* PROBLEM TO SOLVE *
Quote the listing below in full and exactly as written, but omit every picture.

* EXERCISE DATA *
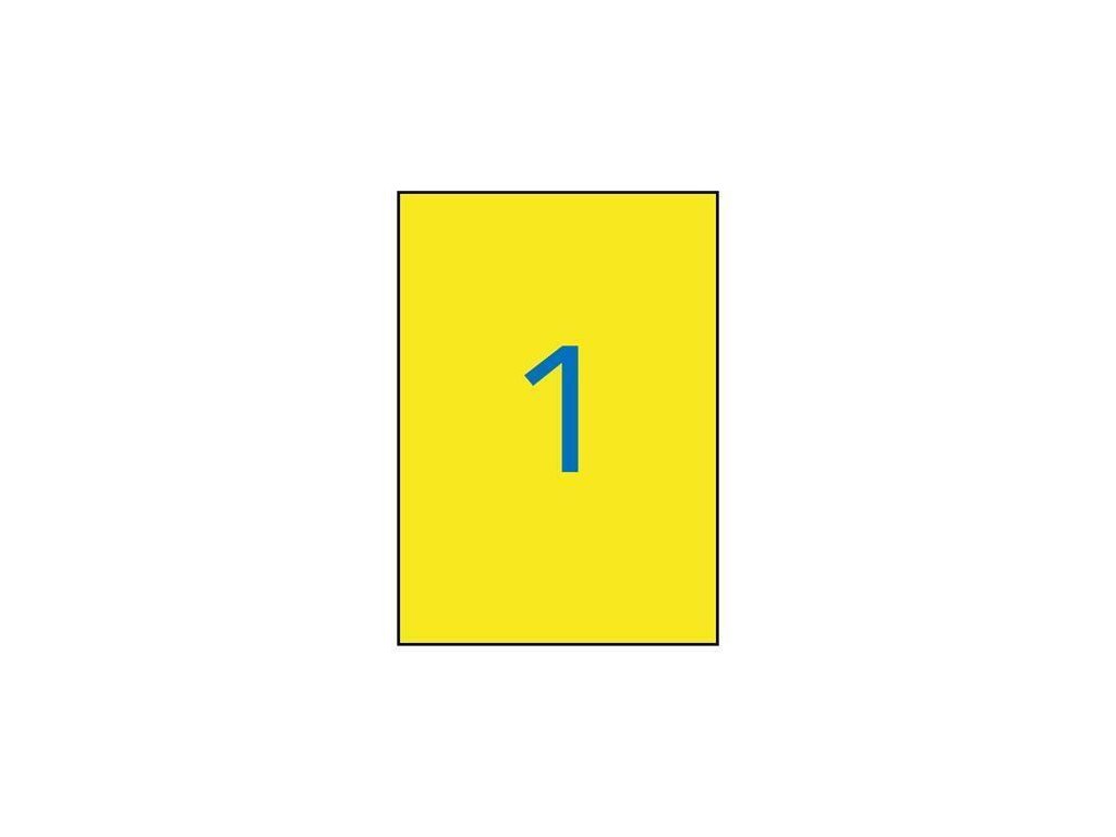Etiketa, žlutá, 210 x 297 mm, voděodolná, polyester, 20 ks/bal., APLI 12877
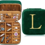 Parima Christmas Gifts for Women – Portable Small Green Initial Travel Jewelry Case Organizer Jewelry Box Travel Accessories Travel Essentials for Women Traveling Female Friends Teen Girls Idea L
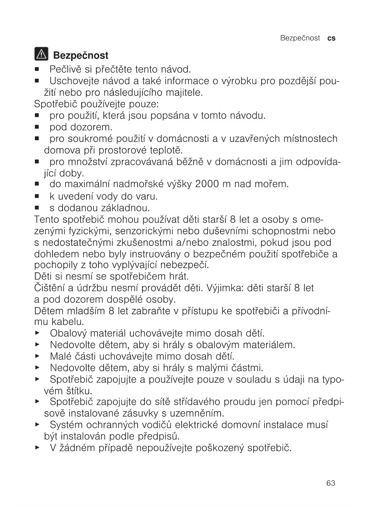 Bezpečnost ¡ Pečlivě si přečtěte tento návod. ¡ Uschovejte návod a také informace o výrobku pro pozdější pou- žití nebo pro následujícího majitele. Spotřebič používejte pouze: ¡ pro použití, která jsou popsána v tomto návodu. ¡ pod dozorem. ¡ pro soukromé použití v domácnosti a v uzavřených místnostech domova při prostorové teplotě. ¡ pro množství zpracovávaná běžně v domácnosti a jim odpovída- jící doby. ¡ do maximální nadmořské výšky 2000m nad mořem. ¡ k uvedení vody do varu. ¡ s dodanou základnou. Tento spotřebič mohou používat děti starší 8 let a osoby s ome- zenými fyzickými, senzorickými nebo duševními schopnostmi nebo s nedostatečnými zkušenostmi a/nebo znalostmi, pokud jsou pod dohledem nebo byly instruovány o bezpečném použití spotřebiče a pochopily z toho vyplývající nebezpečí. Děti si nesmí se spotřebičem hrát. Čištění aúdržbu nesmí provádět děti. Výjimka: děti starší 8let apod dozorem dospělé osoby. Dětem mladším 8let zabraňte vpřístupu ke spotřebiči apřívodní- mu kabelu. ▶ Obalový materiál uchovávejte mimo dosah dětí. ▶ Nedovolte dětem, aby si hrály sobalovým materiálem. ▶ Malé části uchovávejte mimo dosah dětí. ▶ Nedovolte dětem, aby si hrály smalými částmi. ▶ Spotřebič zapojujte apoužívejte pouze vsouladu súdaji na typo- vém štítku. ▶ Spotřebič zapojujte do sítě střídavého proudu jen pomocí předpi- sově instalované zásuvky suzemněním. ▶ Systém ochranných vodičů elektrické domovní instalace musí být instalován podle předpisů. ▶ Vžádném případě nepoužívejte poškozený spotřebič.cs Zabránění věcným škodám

* ANSWER TO THIS EXERCISE *
Etiketa, žlutá, 210 x 297 mm, voděodolná, polyester, 20 ks/bal., APLI 12877
 Parima Christmas Gifts for Women – Portable Small Green Initial Travel Jewelry Case Organizer Jewelry Box Travel Accessories Travel Essentials for Women Traveling Female Friends Teen Girls Idea L
 Bezpečnost ¡ Pečlivě si přečtěte tento návod. ¡ Uschovejte návod a také informace o výrobku pro pozdější pou- žití nebo pro následujícího majitele. Spotřebič používejte pouze: ¡ pro použití, která jsou popsána v tomto návodu. ¡ pod dozorem. ¡ pro soukromé použití v domácnosti a v uzavřených místnostech domova při prostorové teplotě. ¡ pro množství zpracovávaná běžně v domácnosti a jim odpovída- jící doby. ¡ do maximální nadmořské výšky 2000m nad mořem. ¡ k uvedení vody do varu. ¡ s dodanou základnou. Tento spotřebič mohou používat děti starší 8 let a osoby s ome- zenými fyzickými, senzorickými nebo duševními schopnostmi nebo s nedostatečnými zkušenostmi a/nebo znalostmi, pokud jsou pod dohledem nebo byly instruovány o bezpečném použití spotřebiče a pochopily z toho vyplývající nebezpečí. Děti si nesmí se spotřebičem hrát. Čištění aúdržbu nesmí provádět děti. Výjimka: děti starší 8let apod dozorem dospělé osoby. Dětem mladším 8let zabraňte vpřístupu ke spotřebiči apřívodní- mu kabelu. ▶ Obalový materiál uchovávejte mimo dosah dětí. ▶ Nedovolte dětem, aby si hrály sobalovým materiálem. ▶ Malé části uchovávejte mimo dosah dětí. ▶ Nedovolte dětem, aby si hrály smalými částmi. ▶ Spotřebič zapojujte apoužívejte pouze vsouladu súdaji na typo- vém štítku. ▶ Spotřebič zapojujte do sítě střídavého proudu jen pomocí předpi- sově instalované zásuvky suzemněním. ▶ Systém ochranných vodičů elektrické domovní instalace musí být instalován podle předpisů. ▶ Vžádném případě nepoužívejte poškozený spotřebič.cs Zabránění věcným škodám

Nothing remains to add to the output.